EXERCISE REQUIREMENTS: Copy the listing below exactly, but skip the pictures.

MATERIAL PROVIDED:
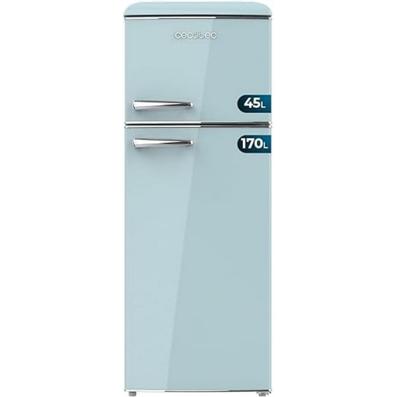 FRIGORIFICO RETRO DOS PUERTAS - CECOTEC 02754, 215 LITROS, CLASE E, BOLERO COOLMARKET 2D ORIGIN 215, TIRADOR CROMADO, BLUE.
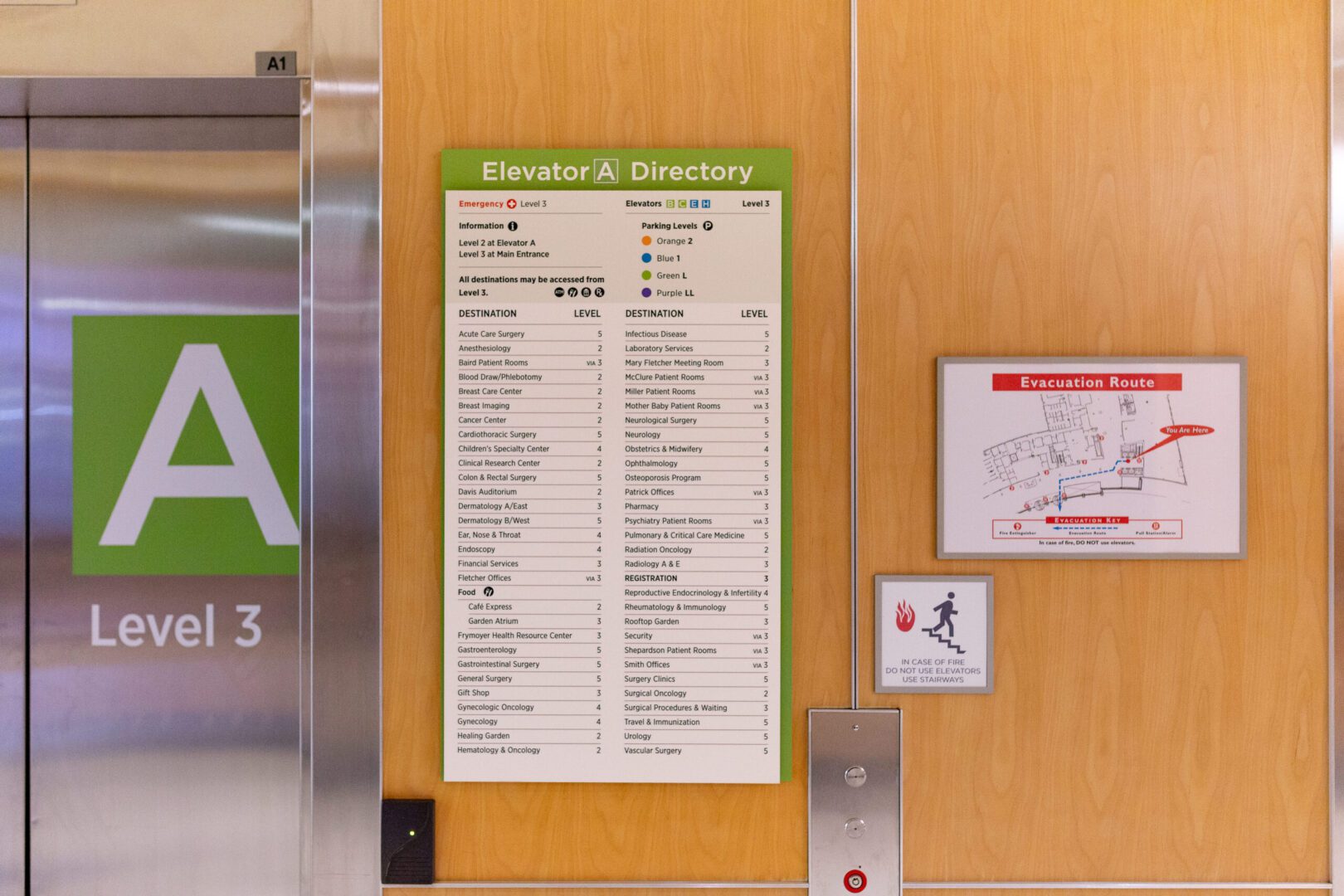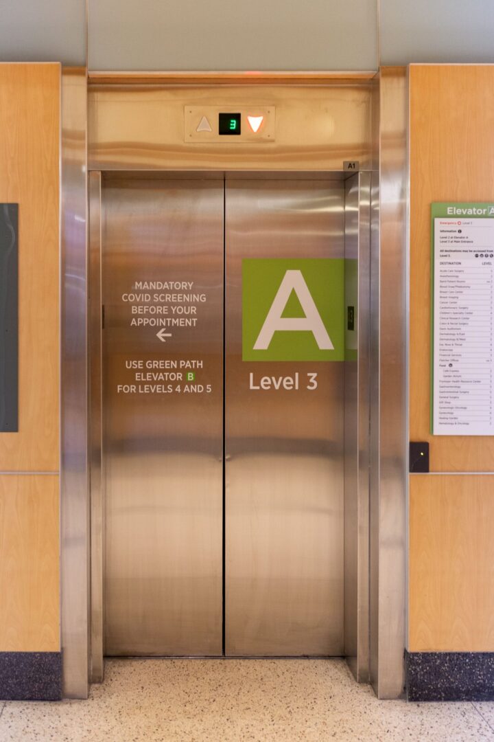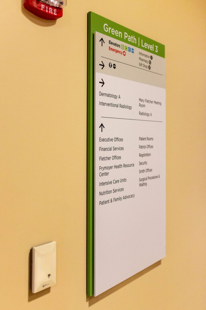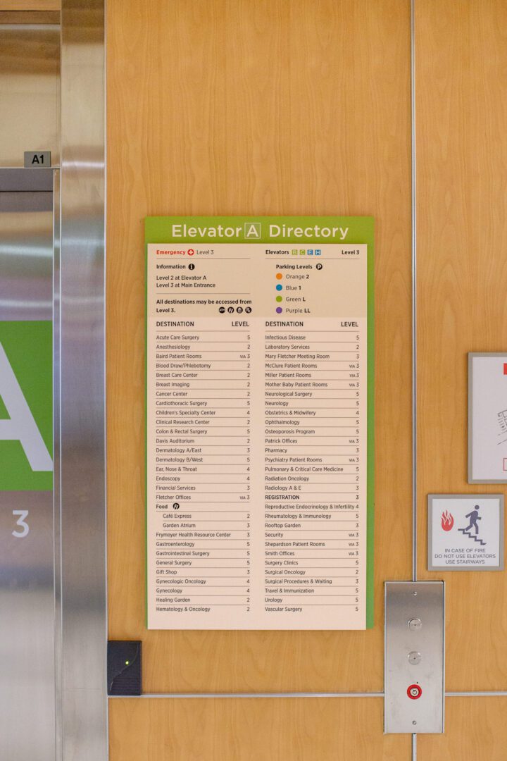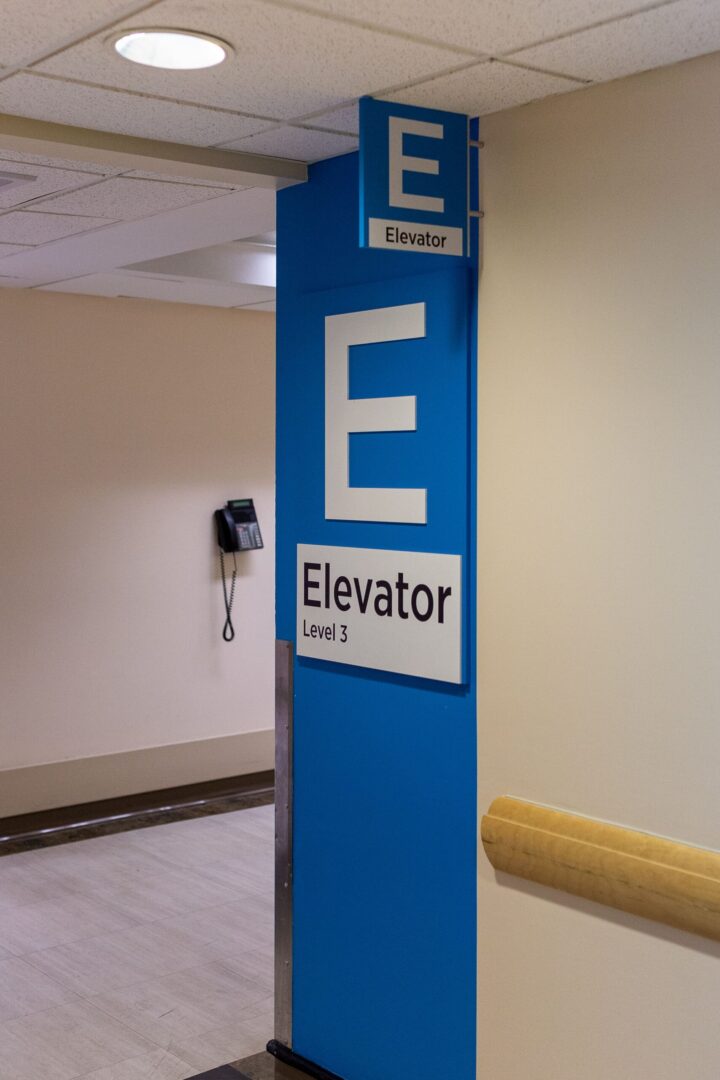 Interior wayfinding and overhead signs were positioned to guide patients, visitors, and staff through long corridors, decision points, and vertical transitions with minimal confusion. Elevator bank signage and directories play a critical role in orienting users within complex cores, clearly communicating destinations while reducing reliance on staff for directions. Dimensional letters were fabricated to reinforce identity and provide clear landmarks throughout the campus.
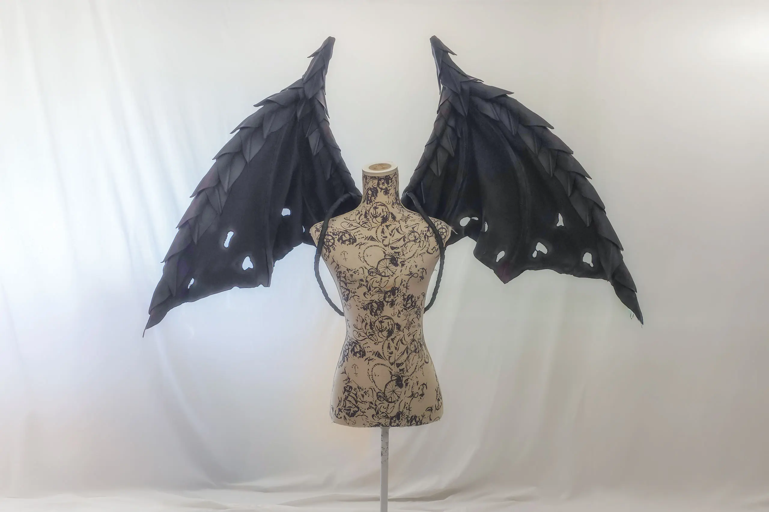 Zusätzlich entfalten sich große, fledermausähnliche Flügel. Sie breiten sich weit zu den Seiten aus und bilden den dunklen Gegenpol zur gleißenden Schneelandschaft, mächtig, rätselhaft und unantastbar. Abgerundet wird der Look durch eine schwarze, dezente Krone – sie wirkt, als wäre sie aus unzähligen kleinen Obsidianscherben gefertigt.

ANSWER BELOW:
 FRIGORIFICO RETRO DOS PUERTAS - CECOTEC 02754, 215 LITROS, CLASE E, BOLERO COOLMARKET 2D ORIGIN 215, TIRADOR CROMADO, BLUE.
 Interior wayfinding and overhead signs were positioned to guide patients, visitors, and staff through long corridors, decision points, and vertical transitions with minimal confusion. Elevator bank signage and directories play a critical role in orienting users within complex cores, clearly communicating destinations while reducing reliance on staff for directions. Dimensional letters were fabricated to reinforce identity and provide clear landmarks throughout the campus.
 Zusätzlich entfalten sich große, fledermausähnliche Flügel. Sie breiten sich weit zu den Seiten aus und bilden den dunklen Gegenpol zur gleißenden Schneelandschaft, mächtig, rätselhaft und unantastbar. Abgerundet wird der Look durch eine schwarze, dezente Krone – sie wirkt, als wäre sie aus unzähligen kleinen Obsidianscherben gefertigt.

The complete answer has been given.